Street Art

Perth walking tours are open – discover hidden gardens, street art, WWII posters, historic brothels and more

Last Updated: 13 May 2020
Elise Matheson

It’s easy to become complacent and miss out on the best sites in your own city. If you are itching to get out, and keen to discover some of Perth's hidden quirks, several of the city's top walking tour operators will be back up and running this week and next. There’s no better time to discover the rich tapestry of street art, local history and cultural landmarks that make up Perth - all with a cup of the city's best coffee in hand. Check out three of the best below and get your walking shoes on.

Street Art & Sculpture Tour – Oh Hey WA

Rated as TripAdvisor’s #1 Perth Tour, Oh Hey WA is run by Perth locals and sisters Adie Chapman and Robyn Ennis, started back in 2014. They are starting up again this week with both their small group public walking tours and customisable private tours.

To mark the occasion, they have just launched their Street Art & Sculpture Tour, which takes you on an adventure through all the incredible artwork that colours Perth’s streets and hidden alleyways. Perth’s street art scene is packed with a diverse range of different styles and techniques, with contributions from both local and international artists making it a vibrant hub for lovers of street art.

One of Adie’s personal favourites is from Whadjuk Ballardong Noongar artist Rod Garlett, tucked away in Kings Square. His sculpture ‘Koorden’ – Noongar for strong – is a large-scale assemblage of six dramatic figures made of cast bronze. The skeletal designs come from ceremonial markings taken from historical photos of six Aboriginal men, who were meant to perform a dance in the early 1900s but were thwarted by authorities.
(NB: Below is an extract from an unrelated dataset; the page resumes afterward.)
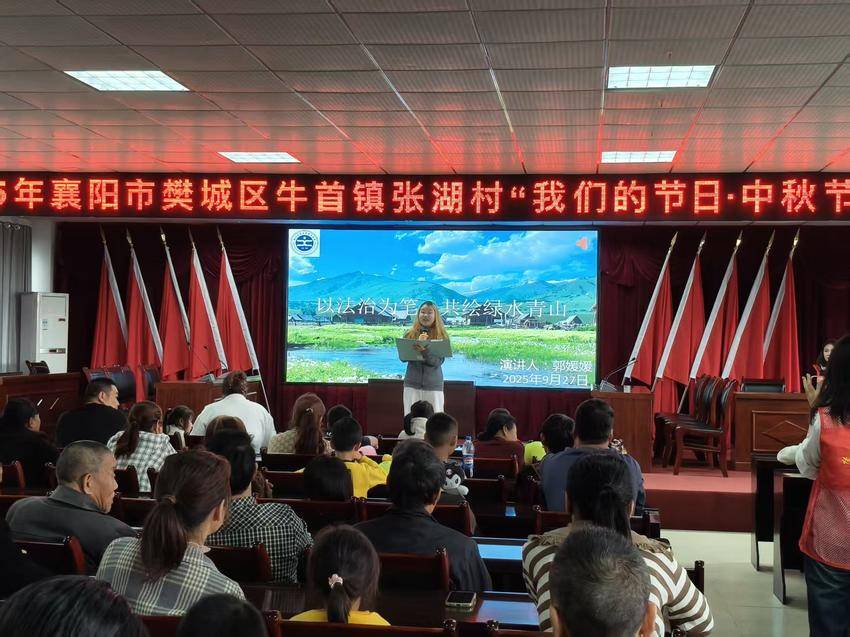 随后,《以法治为笔,共绘绿水青山》主题演讲登场。郭媛媛同学从司法、科技维度解读环保法治实践,让村民们看到了国家层面的生态治理决心。
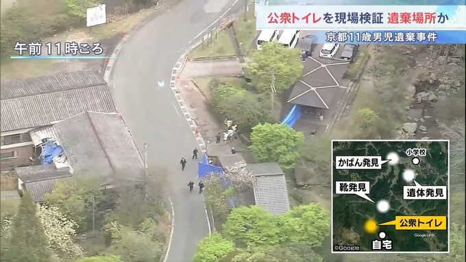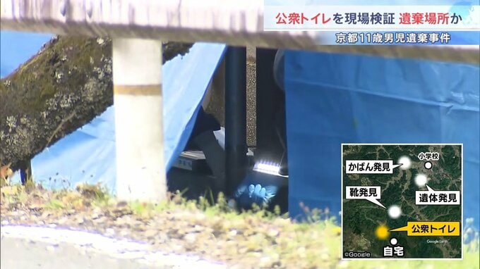 京都府南丹市で男子児童の遺体が見つかった事件で、警察は市内の公衆トイレで現場検証を行い遺体が遺棄された場所の可能性もあるとみて捜査しています。

Running Tuesdays and Saturdays at 10am – 12noon, their Street Art & Sculpture Tour departs from Yagan Square and covers a distance of 3km at a leisurely pace. Good for all ages, their tours are also pram and wheelchair accessible.

$40pp, concession is $36, kids up to 16 $10. See more and book here.

Coffee, Culture & Art Tour – Two Feet & A Heartbeat

Grab a coffee from Telegram at the historic State Buildings before heading out to explore the hidden art, secret gardens and lesser-known stories that make up our city’s history. Two Feet & A Heartbeat’s Coffee, Culture and Art Tour is popular amongst locals looking to get to know their city better, taking you through the historic ‘Brothel district’ and Perth’s heritage precinct.

Although self-admittedly quite bizarre, Ryan Zaknich, founder of Two Feet & A Heartbeat, said he is most drawn to the old murals of advertisements scattered on walls throughout the city. His favourite, tucked away down Wolf Lane, is an advertisement for Eucalyptus Soap from the early 1900s. And there’s many more where that comes from, with several murals dating back to World War era.

Priced at $45pp, their Coffee, Culture and Art Tour runs over 2hrs, with groups no larger than 12. They will be operating in line with the latest guidelines, which the team are constantly monitoring.

Alternatively, you can book in for a private 2 hr walking tour and choose your own adventure here.

Go Cultural Aboriginal Tours at Elizabeth Quay, Yagan Square & Kings Park

Run by multiple generations of the McGuire family, who have traditional ties to the land as Noongar Whadjuk people, Go Cultural have been telling stories of Perth’s most significant cultural landmarks for the past four years. Under current circumstances, tours are kept intimate in groups of 10, and are run by either Walter, Meg or one of their two daughters.

Their tours are usually based at four locations; Elizabeth Quay, Kings Park, Yagan Square and Rottnest Island. Told partially in Noongar language, the tour hosted at Elizabeth Quay reveals the ancestral connection between the modern development and the site’s original use as a fishing site. Focused on telling the first story of the land, they explore the six Noongar seasons, postcolonial history and stories from the Dreamtime.

“It’s about peeling back the layers a little bit, to reveal the traditional stories behind the sites,” Meg emphasised.
The tour of Elizabeth Quay runs for 90minutes, although Meg said that it can be difficult to fit in that much cultural history in that time!

Another of their popular tours through Yagan Square explores the representation of Noongar people and their connection to nature. A highlight from this tour is artist Paul Carter’s 7-piece, text-based art installation commemorating Fanny Balbuk, titled ‘Passenger’. In the mid-19th Century, Fanny attracted a reputation for her defiance of colonial obstacles, often walking over or through paths built by settlers.